The embodiments of the invention are not limited to a particular
type of network.
[0024] In some embodiments, server 110 is a web server that
provides web pages to clients 120. Examples of such web servers
include the IIS (Internet Information Service) web server, the
Apache web server, and the Netscape web server. The embodiments of
the invention are not limited to a particular web server. Server
110 may include an encryption/decryption component 112, an
authentication component 114, and a cookie management component
116.
[0025] Encryption/Decryption component 112 provides a mechanism to
encrypt and/or decrypt information. It is sometimes desirable for
server 112 to exchange encrypted messages with a client 120, for
example when receiving password data or registration data.

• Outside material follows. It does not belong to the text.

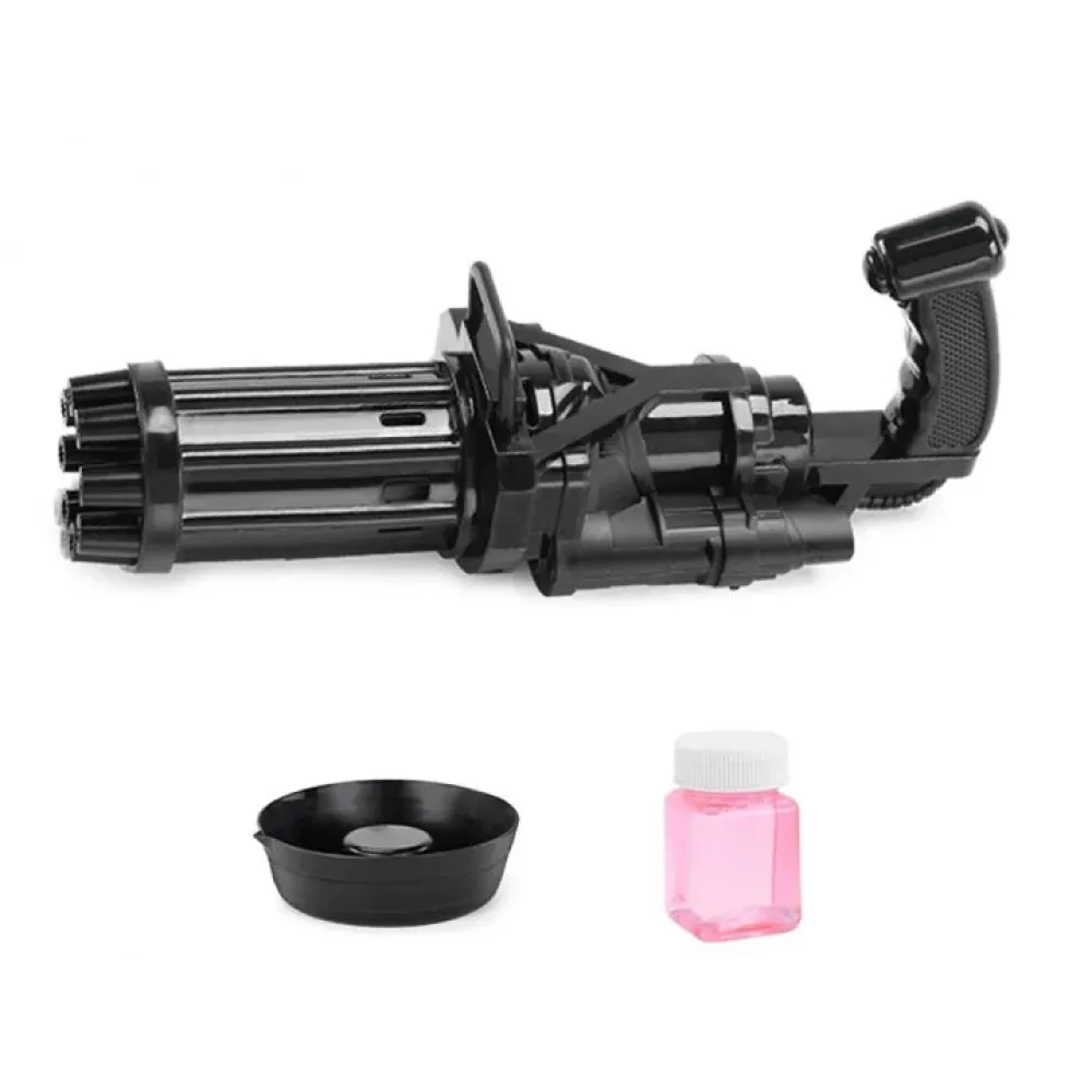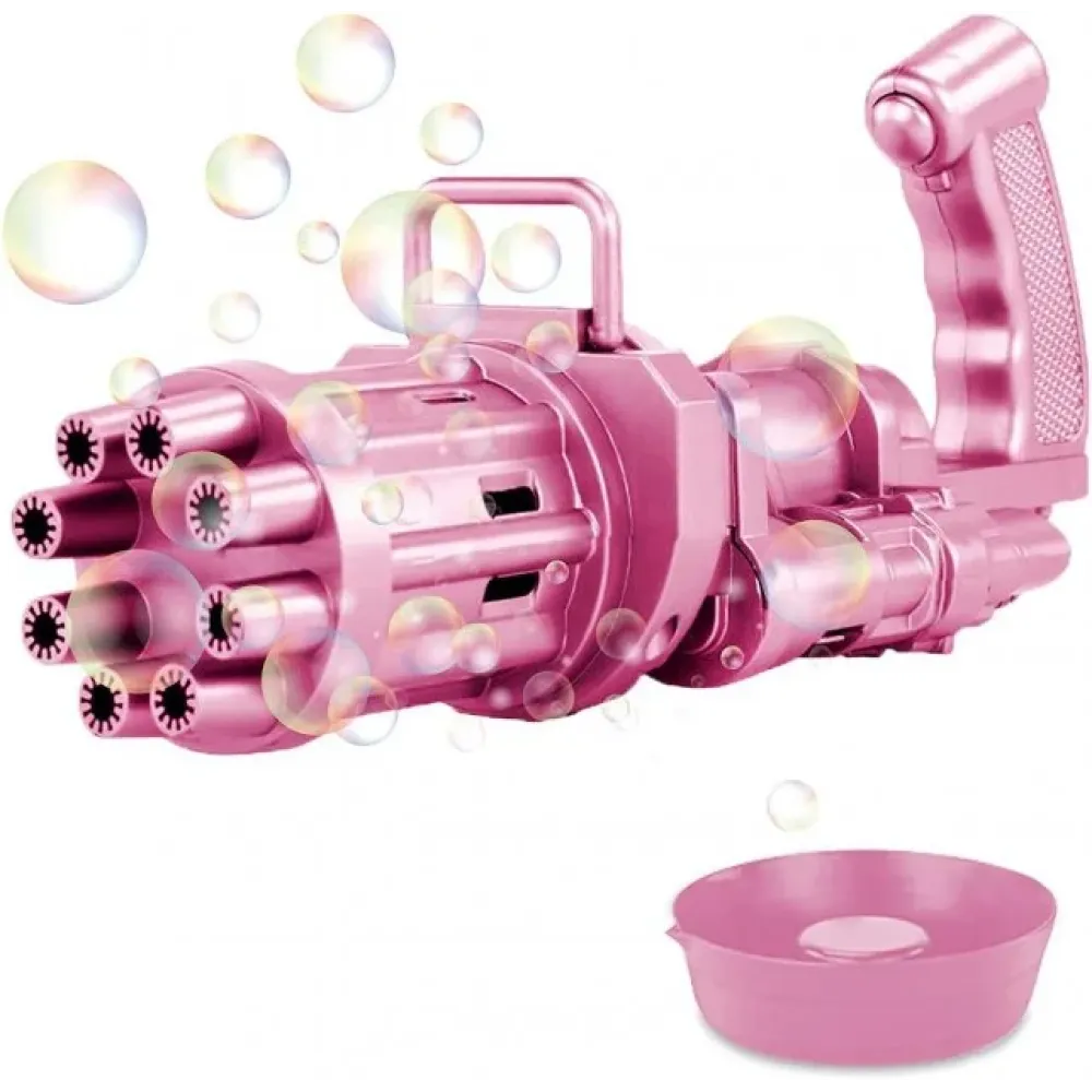 Подарит Вам и Вашим детям незабываемое праздничное настроение, т.к. больше не нужно каждый раз окунать специальную палочку во флакон с мыльной водой - достаточно один раз окунуть ствол игрушки в специальную чашу и готово - Пулеметная очередь из огромного количества пузыриков заполнит всё вокруг

Encryption/Decryption component 112 may be used to encrypt or
decrypt such messages. In some embodiments, encryption/decryption
component 112 supports Crypt-MD5 encryption and decryption.
Additionally, an encryption component may include hashing
functions. Those of skill in the art will appreciate that various
encryption/decryption methods are now available and others may be
developed in the future and that such encryption methods are within
the scope of the inventive subject matter.
[0026] Authentication component 114 provides a mechanism to create
and read digitally a signed message such that a receiver of a
signed message can determine that the message is authentic (i.e.
from the source the message indicates it is from) and that the
message has not been tampered with. Various authentication
mechanisms are known in the art and may be used by server 110. The
embodiments of the invention are not limited to a particular
authentication mechanism.
[0027] Cookie management component 116 manages reading and creation
of cookies for server 110. Cookie management component 116 may use
authentication component 114 and encryption/decryption component
112 to process signed and/or encrypted portions of cookies.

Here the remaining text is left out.